La disponibilité des ressources trophiques (la qualité et quantité de la litière et de matières organiques) et la qualité physico-chimique du sol sont des facteurs locaux très importants qui influencent les communautés de Collemboles (Detsis, 2009; Devigne et al., 2016; Endlweber et al., 2009; Filser, 2002; Filser et al., 2000; Fujii et al., 2014; Loranger et al., 2001; Potapov et al., 2016).
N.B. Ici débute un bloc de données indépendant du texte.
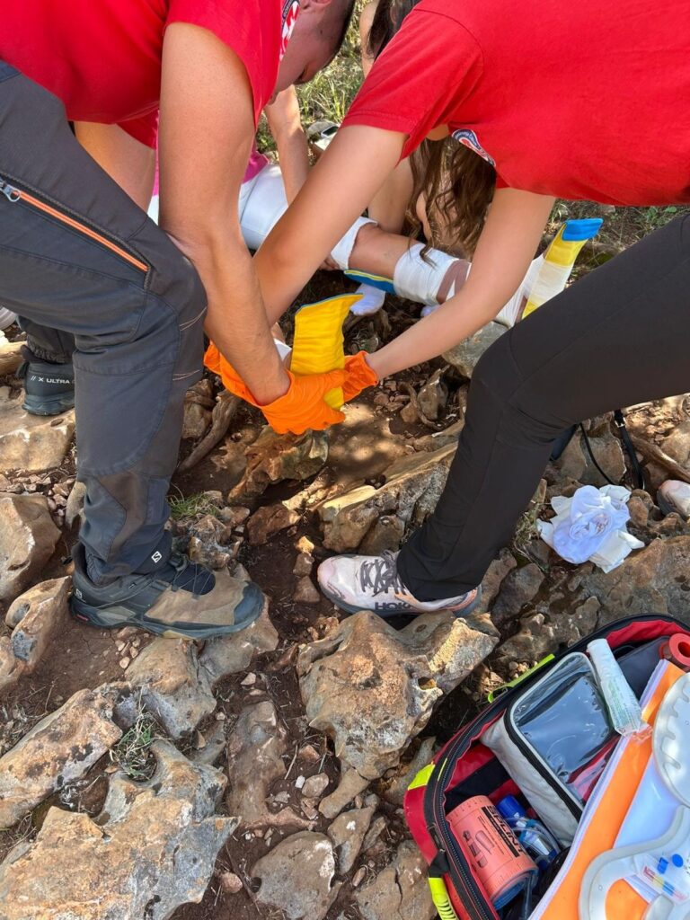 Na pola brda pomoć je zatražila ženska osoba iz Austrije koja je zadobila ozljede na obje noge. Nakon pregleda i imobilizacije, članovi HGSS-a organizirali su transport nosilima do podnožja, u čemu su im pomogli i mladići iz zajednice Cenacolo.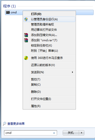 2、然后我們以管理員身份運(yùn)行命令提示符;可以在開始菜單搜索欄輸入cmd來打開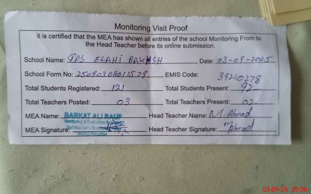 | EMIS Code: 39210278 | Name of School: GPS ELAHI BAKHSH | |||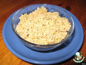 Также вместе с мукой добавляем измельчённые в миксере кедровые орешки. Маленький совет: добавьте к орешкам немного сахара – он впитает в себя масло, которое выделяется при измельчении, и не даст превратиться орехам в липкий комок.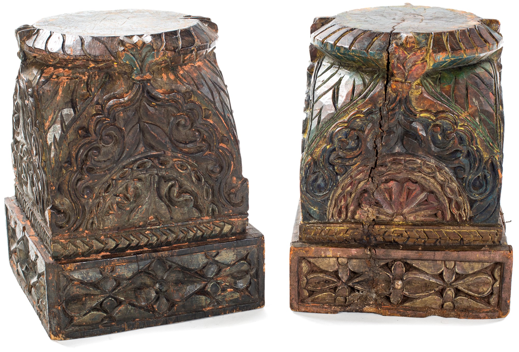 Coppia di basi in legno intagliato, Cina decorate in bassorilievo a motivi floreali e vegetali racchiusi entro riserve; tracce di policromia , 38x30x30 - piano d'appoggio diametro cm 20

2 Nous distinguons le microhabitat de l’habitat selon les définitions proposés dans le thesaurus de la base de

données BETSI (Pey et al. 2014). Ici, le microhabitat correspond à la plus petite partie de l’environnement

qui compose l’habitat, tandis que l’habitat a été défini comme une aire plutôt homogène (en faisant référence

à la liste d’habitats du CORINE Land Cover) de l’environnement ou les espèces vivent

Enfin, ces petits organismes sont aussi sensibles aux changements de l’hétérogénéité du paysage

(Heiniger et al., 2014; Martins da Silva et al., 2012; Ponge et al., 2003; Querner et al., 2013).
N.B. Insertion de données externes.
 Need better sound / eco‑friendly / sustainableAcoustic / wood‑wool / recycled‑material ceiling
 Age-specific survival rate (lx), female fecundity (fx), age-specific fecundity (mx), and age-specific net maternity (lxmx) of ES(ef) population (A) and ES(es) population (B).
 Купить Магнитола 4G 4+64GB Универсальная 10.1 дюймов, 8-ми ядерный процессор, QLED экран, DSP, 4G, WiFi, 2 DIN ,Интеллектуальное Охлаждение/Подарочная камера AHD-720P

Des organismes ordinaires qui remplissent des fonctions importantes dans les sols

Jusqu’à aujourd’hui, environ 8000 espèces de collemboles ont été identifiées dans le monde, mais la véritable biodiversité des Collemboles est probablement encore largement sous-estimée (Deharveng, 2004; Cicconardi et al., 2013). Ils sont présents pratiquement dans tous les écosystèmes terrestres (Hopkin, 1997), et représentent, avec les Acariens, environ 95% des microarthropodes du sols (Seastedt, 1984). Les Collemboles atteignent une densité de plusieurs

milliers à plusieurs dizaines de milliers d’individus par mètre-carré (Cluzeau et al., 2012) et, en moyenne, ils apparaissent avec une richesse d’environ 50 à 60 espèces dans un écosystème donné (Petersen, 2002).
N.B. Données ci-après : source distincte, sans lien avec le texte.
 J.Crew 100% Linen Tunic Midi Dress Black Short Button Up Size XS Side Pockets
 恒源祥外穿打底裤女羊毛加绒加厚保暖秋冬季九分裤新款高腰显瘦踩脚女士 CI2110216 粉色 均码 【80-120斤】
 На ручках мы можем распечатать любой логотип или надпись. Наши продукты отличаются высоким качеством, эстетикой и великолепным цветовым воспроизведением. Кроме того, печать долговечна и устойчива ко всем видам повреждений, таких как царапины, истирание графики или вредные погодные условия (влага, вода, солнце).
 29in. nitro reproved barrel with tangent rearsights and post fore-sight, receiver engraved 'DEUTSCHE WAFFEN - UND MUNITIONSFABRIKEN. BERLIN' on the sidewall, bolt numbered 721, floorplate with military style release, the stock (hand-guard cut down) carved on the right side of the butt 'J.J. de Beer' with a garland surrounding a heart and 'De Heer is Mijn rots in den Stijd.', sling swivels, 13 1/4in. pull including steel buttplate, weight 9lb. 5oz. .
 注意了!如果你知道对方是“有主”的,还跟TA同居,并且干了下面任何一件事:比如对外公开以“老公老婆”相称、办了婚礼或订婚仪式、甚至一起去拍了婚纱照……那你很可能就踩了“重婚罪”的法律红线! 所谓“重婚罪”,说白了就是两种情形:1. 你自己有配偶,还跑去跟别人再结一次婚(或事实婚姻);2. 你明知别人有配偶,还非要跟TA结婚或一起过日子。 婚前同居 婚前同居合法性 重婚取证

Puisqu’ils sont pour la plupart détritivores ou prédateurs de bactéries et de champignons, les

Collemboles jouent un rôle fondamental dans les processus écologiques de décomposition de la matière organique et du cycle de nutriments. Ils impactent les services écosystémiques tels que la séquestration du carbone, ainsi que la préservation de la fertilité et de la microstructure des sols, (Brennan et al., 2006).

Leur grande variabilité d’espèces et de traits fait des Collemboles des très bons indicateurs (Vandewalle et al., 2010) vis-à-vis de plusieurs types de stress et perturbations environnementales: climat (Makkonen et al., 2011), feux de forêt (Malmström, 2012), urbanisation (Santorufo et al. 2015), usage du sol (Salmon et al., 2014), successions végétales dans les marais salants (Widenfalk et al., 2015), etc.